There are over eight million people living in London, over 66 million in the UK, over seven billion on the planet; even if a book sells a million copies, that still means hardly anyone has read it. The idea of any book being ‘important’ or ‘influential’ is difficult to defend.
Maybe I am simply expecting too much of ‘literary’ fiction?
I think of myself as a genre reader, but in reality, my reading these days is probably split evenly between science fiction and ‘literature’. Even as a teenager, when I was mostly reading Ann McCaffrey and Star Trek spin-offs, I was also reading Jeanette Winterson, Louise Erdrich, Michelle Roberts, Alice Walker, Toni Morrison, William Burroughs, John Irving, and Yann Martel.

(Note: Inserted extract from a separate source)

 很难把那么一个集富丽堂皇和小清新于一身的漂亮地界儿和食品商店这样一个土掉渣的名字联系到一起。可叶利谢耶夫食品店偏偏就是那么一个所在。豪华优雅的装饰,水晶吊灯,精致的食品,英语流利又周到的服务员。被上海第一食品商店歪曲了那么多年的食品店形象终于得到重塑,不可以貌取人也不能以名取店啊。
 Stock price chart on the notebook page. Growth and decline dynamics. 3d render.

Maybe my teenaged reading was too selective, maybe I have ‘spoilt’ myself for the mostly second-rate stuff that passes for ‘literature’ now? Or maybe this is nostalgia? Apart from Louise Erdrich, I don’t think I’ve read any of those authors since my twenties. As a child I would only read (outside school, where I had the choice), ‘talking animal’ books; this meant I read a lot of books that were not ‘suitable’ for children, because my parents assumed any book with an animal on the cover was like Watership Down and therefore ok for me to read. I tried re-reading William Horwood’s Duncton Wood a few years ago (for the first time since my early teens), I found it so awful I was skipping pages just to get it over with (something I almost never do), and decided not to try the rest of the series, that I would rather stick with the childhood memories of them (although, of course, William Horwood is not a writer in the same league as Toni Morrison).

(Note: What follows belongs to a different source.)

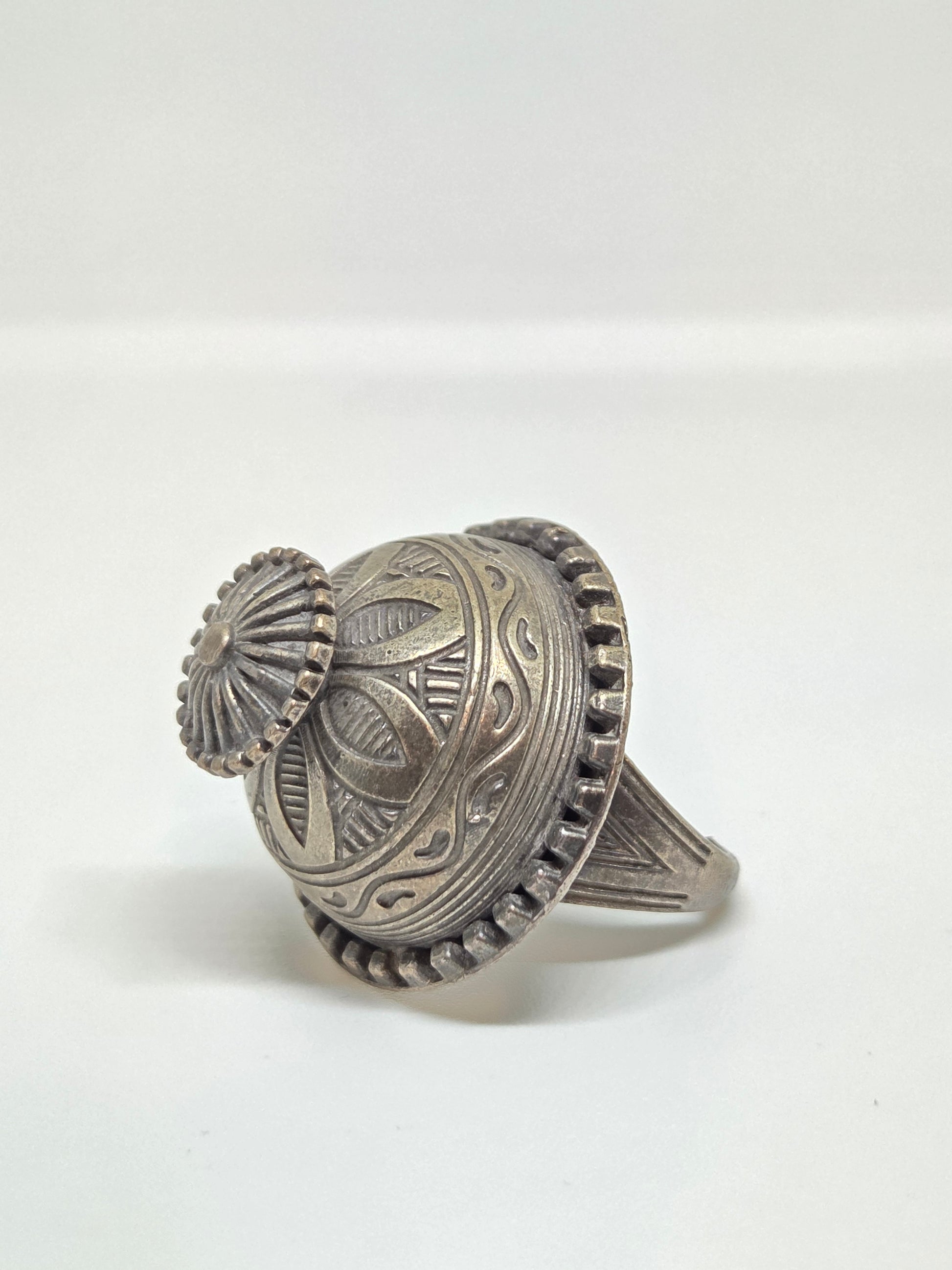 Carved Oxidised Dome Ring
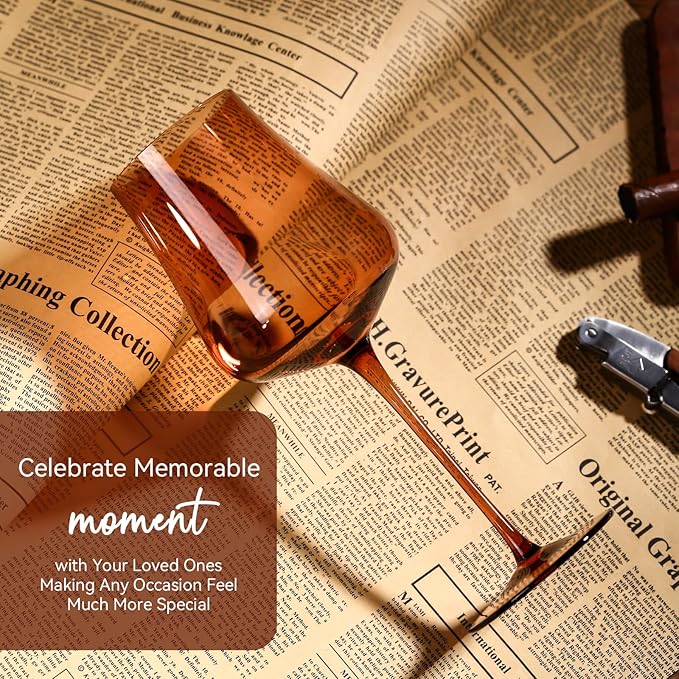 - 3.❤【Hand-Blown High-Quality Craftsmanship】The quality of our brown wine glasses is unmatched, thanks to the meticulous hand-blown techniques of our artisans. You’ll be amazed by their seamless perfection—no visible seams in sight. Additionally, we use only lead-free glass, ensuring you can enjoy your favorite beverages with complete peace of mind. These glasses make the perfect gift for any special occasion, reflecting thoughtfulness and exceptional taste.

What point am I trying to make here? I don’t think there is one. I think I’ve had enough of current ‘literature’ for a while. I want to re-read Borges and Le Guin. I want to read more non-fiction.

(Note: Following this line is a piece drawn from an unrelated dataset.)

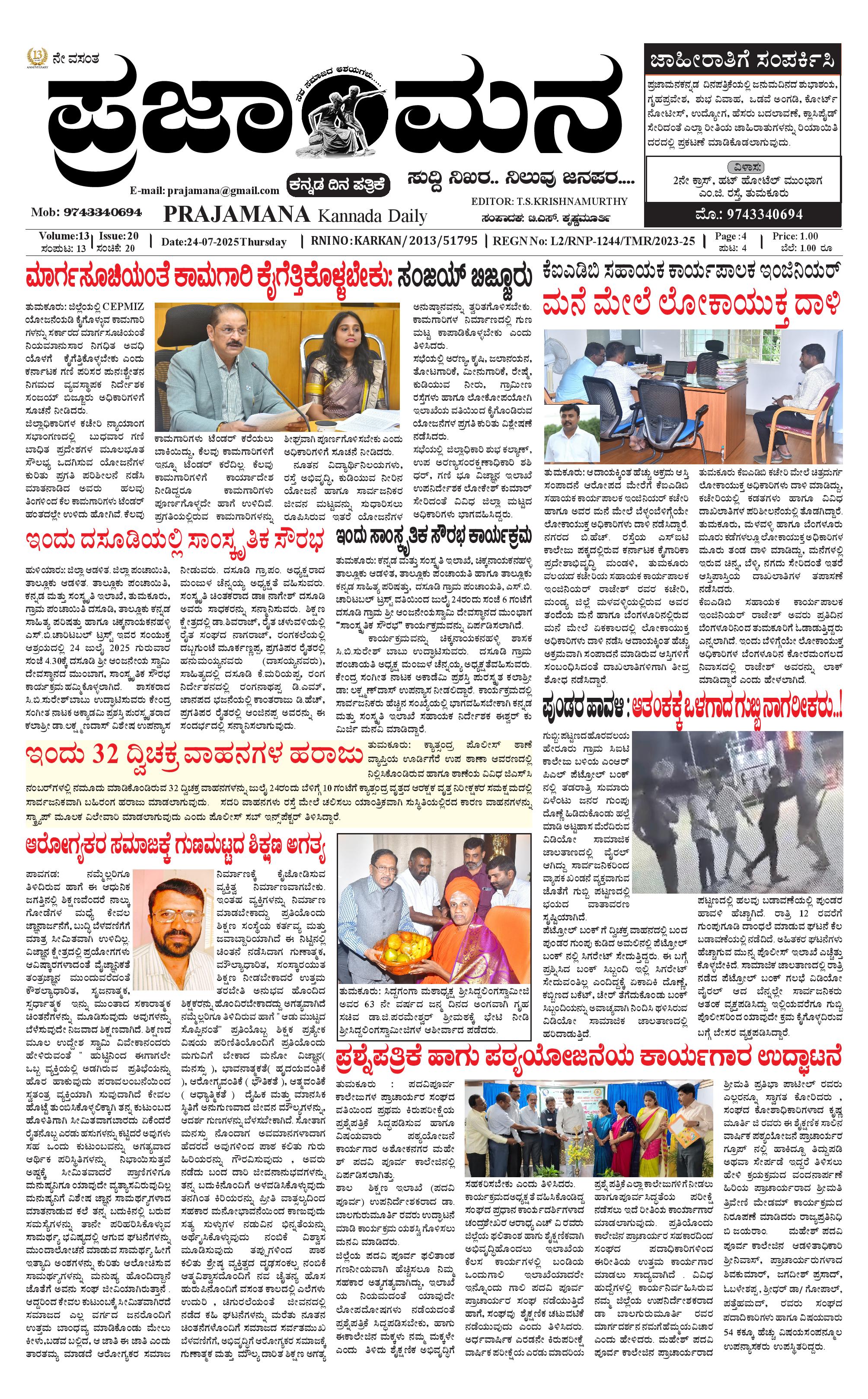 ಪ್ರಜಾಮನ 24 JULY 2025 July 24, 2025 << First << 1 >> Last >> Page 1Page 2Page 3Page 4 × ಪ್ರಜಾಮನ 24 JULY 2025 PRAJAMANA-page-001PRAJAMANA-page-002PRAJAMANA-page-003PRAJAMANA-page-004 << First << 1 >> Last >> PRAJAMANA-page-001PRAJAMANA-page-002PRAJAMANA-page-003PRAJAMANA-page-004 PRAJAMANA-page-001

Mentioning Watership Down, I suppose I should offer my opinion on the new BBC/Netflix adaptation, although I have only watched the first two episodes and won’t be going back unless I am desperate for something to watch. I thought the quality of the animation was horrible, like something out of World of Warcraft, and none of the alterations or additions (can a crow really lift a rabbit?) were an improvement on either the book, or the 1978 film adaptation. The worst thing about it is that it didn’t trust the viewer to understand what was going on, so had to hammer every point in by making everything obvious; the rabbits in the snared warren worshiped a giant purple quartz, in case you missed otherwise that there is something off about them, and Efrafa was turned into a sadistic concentration camp, full of Frank Miller-esque grotesques, to make sure you understood how evil they all are. The BFI has pledged to no longer fund films that link physical disfigurement to negative character traits, the BBC and Netflix should follow their lead.